The two biggest differences between the New York and Hoboken were the venues and the polish.

New York's was indoors in a dark hall, and very slick, with top-ranking postal officials and a film tribute. Hoboken's was outdoors on a bright and sunny afternoon, and very much a hometown celebration. There were sunbathers and frisbee throwers in Pier A Park, right on the Hudson River, when we arrived.

There was also a postal truck selling the new stamp, other stamps, and various USPS souvenirs, at the western end of the park, furthest away from the river (but on the closest street). And a few hundred yards from the speakers' platform set up near the river was a long USPS table where stamps and souvenirs were also being sold, and cancellations applied.

There ceremony started about 15-20 minutes late, while postal workers tried to make sure the large poster of the stamp design didn't blow away. The eventual solution was to station three workers next to and behind the blow-up to hold it down (and hold up the clothing covering the design until it was time for the dignitaries to "pull it off").

Postmaster Artie Tate was the master of ceremonies in Hoboken (versus Dave Failor, the top stamp manager at postal headquarters, at the New York event). Tate's daughter sang the national anthem. Postal supervisor Maria Morse, District Manager, Customer Service & Sales of the Northern New Jersey District, read same speech that her ultimate boss, chairman of the Postal Service board of governors Alan C. Kesler, had read that morning. And at various times, Tate seemed to introduce what seemed like every elected official in the area: The police chief, the fire chief, a member of the county board of freeholders, and many more.

That prompted Frank Sinatra, Jr., to recite some of the Italian-American names of the officials introduced and comment, "There's a lot of garlic in this town."

Other than that opening sally, his remarks in Hoboken were similar to those he'd made that morning.

That's not to say the Hoboken event wasn't a good ceremony. It was. It was just different, and very enjoyable, too. It was a day in the park with Frank and his admirers.

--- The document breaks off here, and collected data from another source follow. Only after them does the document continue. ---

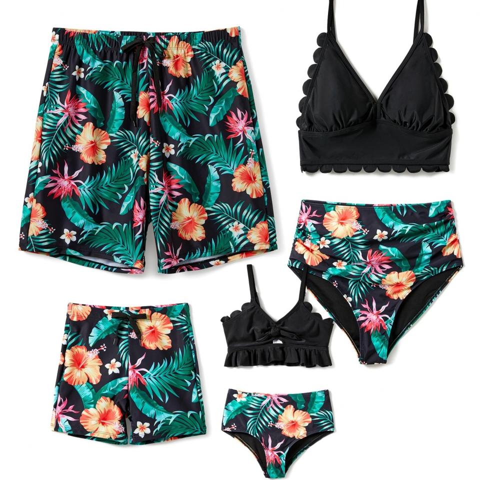 Maillot de bain personnalisé pour maman et moi, imprimé feuilles, col en V, maillots de bain assortis pour la famille, bikini de plage, ensemble de 4 pièces
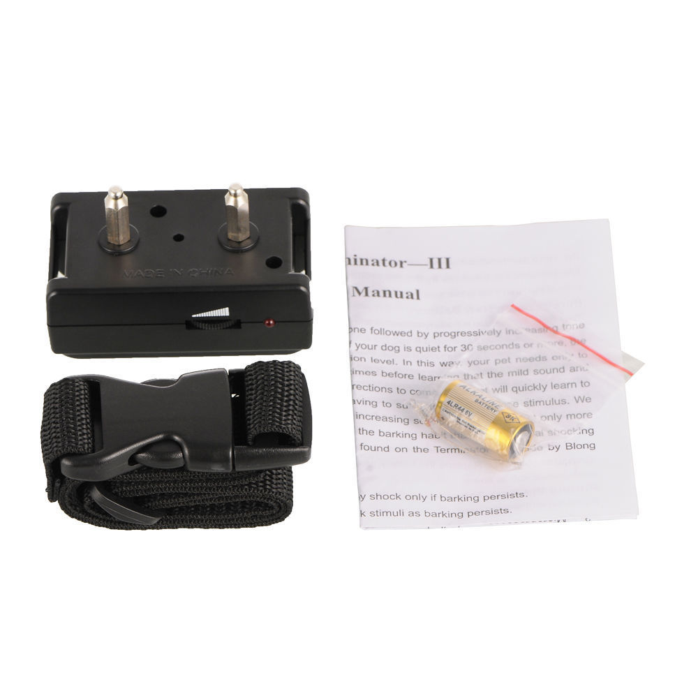 The bark control collar first applies a warning tone followed by progressively increasing tone and shock as your dog's barking persist. If your dog is quiet for 30 seconds or more, the bark control collar resets to the mildest correction level. If a second bark occurs within thirty seconds, a more intense tone is sounded along with a short, mild shock. If your dog barks a third time, both the tone and shock are made more intense. This pattern is repeated through five correction levels. If your dog continues to bark through all five levels, the most intense sound and shock are applied after each bark until your pet stops for thirty seconds. In this way, your pet needs only to experience the higher shock levels a few times before learning that the mild sound and shock stimulus is a warning of stronger corrections to come. Your pet will quickly learn to SHUT UP at the mild correction without having to suffer the more intense stimulus. We have found this technique of progressively increasing sound and shock is not only more humane, it is more EFFECTIVE in breaking the barking habit than conventional shocking bark control collars.
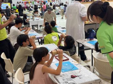 また、ペットボトルキャップを細かく砕いて色ごとに分けた素材を使ったキャップアートや、段ボールを活用した財布づくりなど、普段は捨ててしまいがちな素材を夏休みの思い出を彩る作品へとアップサイクルする体験も行われていました。

One of those admirers was actor Danny Aiello. Since the start of the ceremony was delayed and there were no other celebrities available before the ceremony, Aiello was pounced upon for television interviews. He gave more interviews after the ceremony, and signed some autographs for those who recognized the 74-year-old actor.

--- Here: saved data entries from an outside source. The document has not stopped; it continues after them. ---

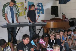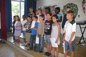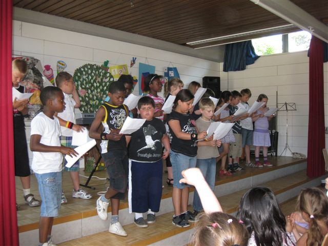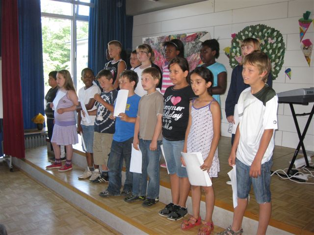 (Kro, 7. Juli 2010) Mit einem bunten Programm wurde das Schuljahr 2009/10 an der Schule Kroonhorst beendet. Viele Kinder sangen Lieder, erzählten Gedichte oder spielten auf ihren Instrumenten. Zum Schluss stimmten wieder alle Kroonhorster mit ein, als Herr Kirchner „Geh aus mein Herz …“ anstimmte. Nun konnten die Ferien beginnen.
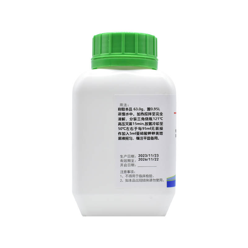 稱取本品 63.0g,置0.95L蒸餾水中。加熱攪拌至完全溶解,分裝三角燒瓶121℃ 高壓滅菌15min,放置冷卻至50℃左右于每95ml無菌操作加入5ml亞碲酸鉀卵黃增菌液搖勻,傾注平皿備用。
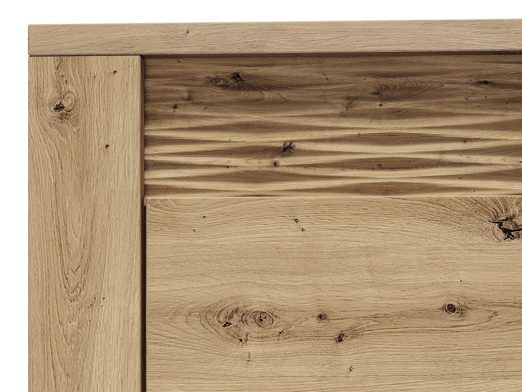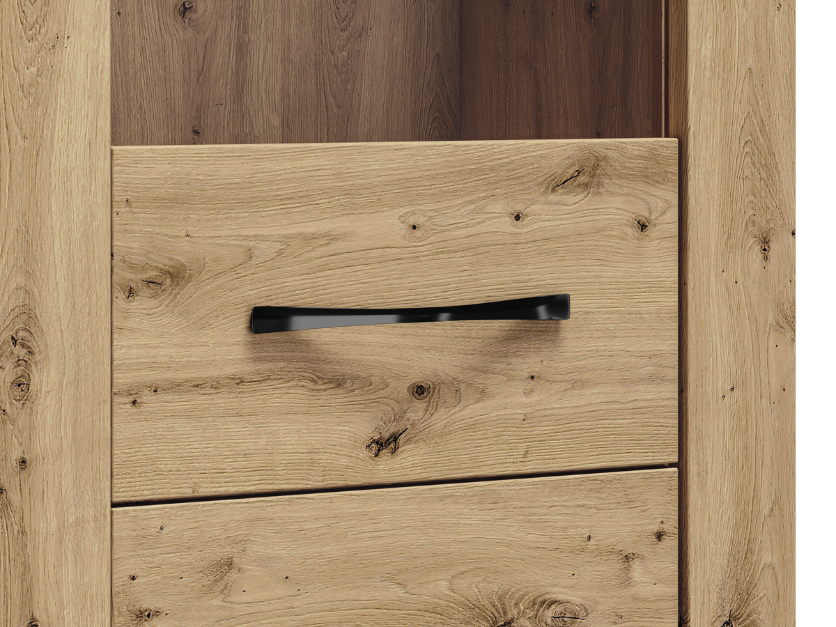 We beginnen gezellige momenten thuis steeds meer te waarderen. Thuis wordt een plek voor rust, werk en ontspanning. De op de natuur geïnspireerde collectie ziet er aantrekkelijk uit met de natuurlijke kleuren en details. Deze collectie is perfect voor wie meer gezelligheid in huis wil creëren. Eenvoudige lijnen en een eikenhouten kleur vormen een exclusief duo. Misschien is deze collectie waar je naar op zoek bent? De gevels van de meubels zijn bedrukt met houten patronen, die de collectie uniek maken. De metalen handgrepen benadrukken het exclusieve ontwerp van de meubels. De decoratieve ornamenten geven het extra karakter, die worden geaccentueerd door LED-verlichting die in de gevels van de meubels is ingebouwd. Ook voor de vitrines heb je LED-verlichting als optie, waardoor de details van het interieur worden benadrukt. "Artisan" eiken gevels, gehard glas, LED-verlichting en metalen handgrepen maken de collectie uniek. Alles wordt gevormd door de perfect benutte ruimte in de meubels. Zo kun je al je belangrijkste spullen netjes opbergen.
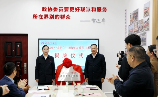 黄昕在致辞中表示,“卓越▪领航”工作室的成立,是学校深入贯彻中央关于加强和改进人民政协工作重要思想的具体行动。政协委员工作室的成立将打造学校与地方经济社会发展紧密联系的“新平台”,开启学校政协委员履职的“新篇章”。“卓越▪领航”工作室将聚焦“助力长株潭经济高质量发展、助力前沿科技应用、助力教育改革创新、助力社会建设提质、助力文旅深度融合”,与湘潭经济社会发展同频共振、同向合拍,为兴湘富潭汇聚湖工智慧力量。
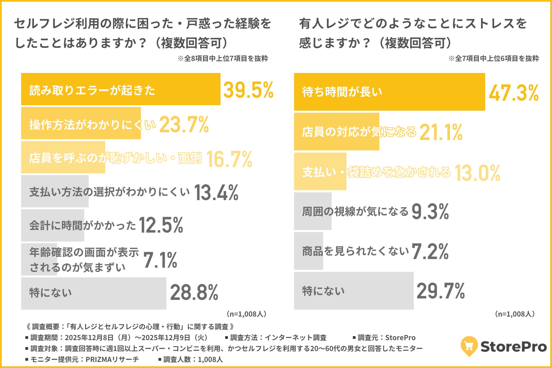セルフレジは“読み取りエラー”、有人レジは“待ち時間”!レジ別に見えるストレス構造

Actor Danny Aiello was available for interviews and autographs before and after the ceremony.

Another was celebrity photographer Ron Galella, who mostly took photos of Frank, Jr., and mostly passed unnoticed otherwise.

Ron Galella's 1998 Christmas card.

When the stamp design was unveiled, Rep. Alberto Sires, D-N.J., whose district includes Sinatra's hometown, pointed to the poster and said, "Is that a Hoboken smile or what?"

Again, there was no formal autograph line, no announcement that anyone would sign autographs, but as soon as the ceremony was over, a crowd formed around Frank Sinatra, Jr., and he signed autographs and gave interviews for about 15 minutes.

The fans and TV cameras couldn't get enough of Frank Sinatra, Jr., after the ceremony.

Then he and those assisting him said that was enough, and he began the long walk back to the "green room" at the Frank Sinatra Post Office at the other end of the park.